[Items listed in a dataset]
____________________

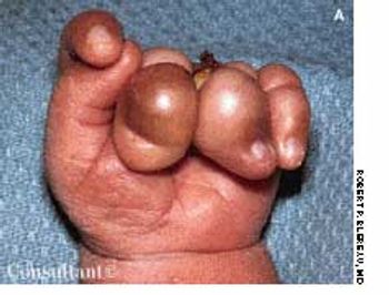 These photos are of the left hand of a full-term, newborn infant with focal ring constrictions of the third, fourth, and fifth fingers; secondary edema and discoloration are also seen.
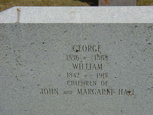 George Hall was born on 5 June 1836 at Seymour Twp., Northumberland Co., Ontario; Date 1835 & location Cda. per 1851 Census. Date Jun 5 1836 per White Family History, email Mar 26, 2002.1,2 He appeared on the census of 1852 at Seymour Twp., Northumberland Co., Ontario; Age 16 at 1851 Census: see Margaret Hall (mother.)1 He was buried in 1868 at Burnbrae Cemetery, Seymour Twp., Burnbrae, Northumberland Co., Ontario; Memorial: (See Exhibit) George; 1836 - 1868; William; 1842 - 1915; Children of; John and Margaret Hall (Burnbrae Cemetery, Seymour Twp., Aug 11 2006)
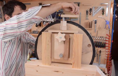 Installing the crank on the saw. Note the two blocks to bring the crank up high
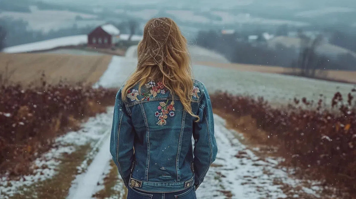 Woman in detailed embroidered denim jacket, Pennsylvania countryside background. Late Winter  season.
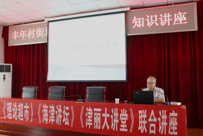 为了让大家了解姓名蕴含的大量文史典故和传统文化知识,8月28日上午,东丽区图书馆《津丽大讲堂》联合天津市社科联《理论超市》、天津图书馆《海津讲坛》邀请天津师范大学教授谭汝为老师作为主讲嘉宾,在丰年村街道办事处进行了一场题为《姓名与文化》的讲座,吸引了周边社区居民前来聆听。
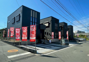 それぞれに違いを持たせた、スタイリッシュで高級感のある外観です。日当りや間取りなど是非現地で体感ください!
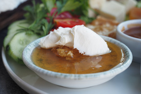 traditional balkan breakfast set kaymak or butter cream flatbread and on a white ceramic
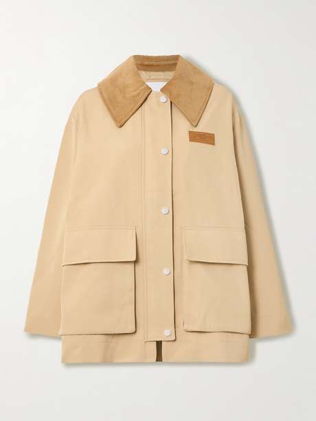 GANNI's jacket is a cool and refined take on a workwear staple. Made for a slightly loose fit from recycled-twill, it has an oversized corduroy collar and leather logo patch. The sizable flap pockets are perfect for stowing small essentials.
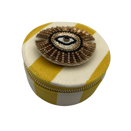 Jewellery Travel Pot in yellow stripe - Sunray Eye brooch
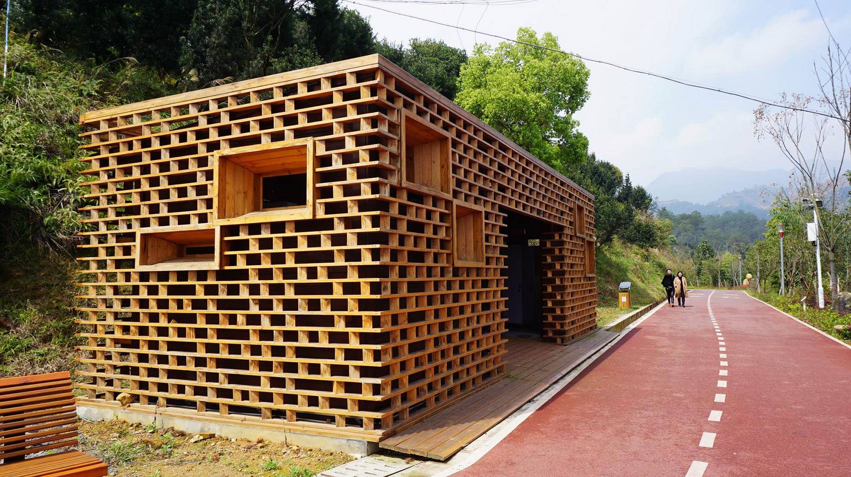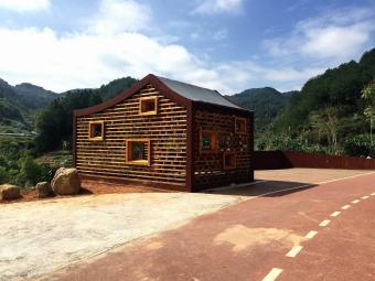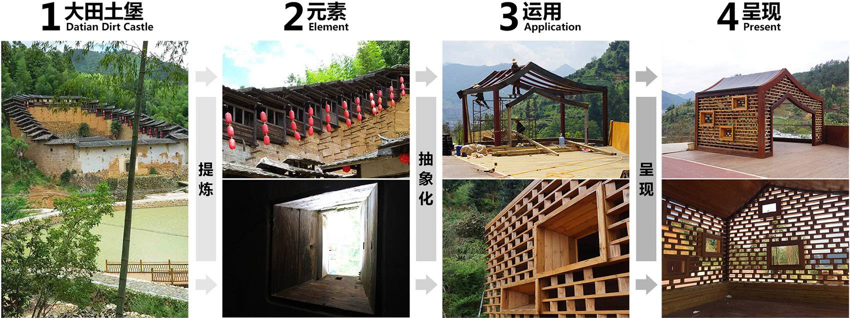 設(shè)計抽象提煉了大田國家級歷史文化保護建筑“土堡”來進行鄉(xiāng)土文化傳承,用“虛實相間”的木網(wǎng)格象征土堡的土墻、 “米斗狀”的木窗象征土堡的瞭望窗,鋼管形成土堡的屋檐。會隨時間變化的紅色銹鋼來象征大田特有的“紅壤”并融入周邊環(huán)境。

____________________

## Task requirements
Repeat exactly the lines above, starting at the one that contains "それぞれに違いを持たせた、ス" and stopping at the last line of the entries, and leave out the pictures.

## Result for this task
 それぞれに違いを持たせた、スタイリッシュで高級感のある外観です。日当りや間取りなど是非現地で体感ください!
 traditional balkan breakfast set kaymak or butter cream flatbread and on a white ceramic
 GANNI's jacket is a cool and refined take on a workwear staple. Made for a slightly loose fit from recycled-twill, it has an oversized corduroy collar and leather logo patch. The sizable flap pockets are perfect for stowing small essentials.
 Jewellery Travel Pot in yellow stripe - Sunray Eye brooch
 設(shè)計抽象提煉了大田國家級歷史文化保護建筑“土堡”來進行鄉(xiāng)土文化傳承,用“虛實相間”的木網(wǎng)格象征土堡的土墻、 “米斗狀”的木窗象征土堡的瞭望窗,鋼管形成土堡的屋檐。會隨時間變化的紅色銹鋼來象征大田特有的“紅壤”并融入周邊環(huán)境。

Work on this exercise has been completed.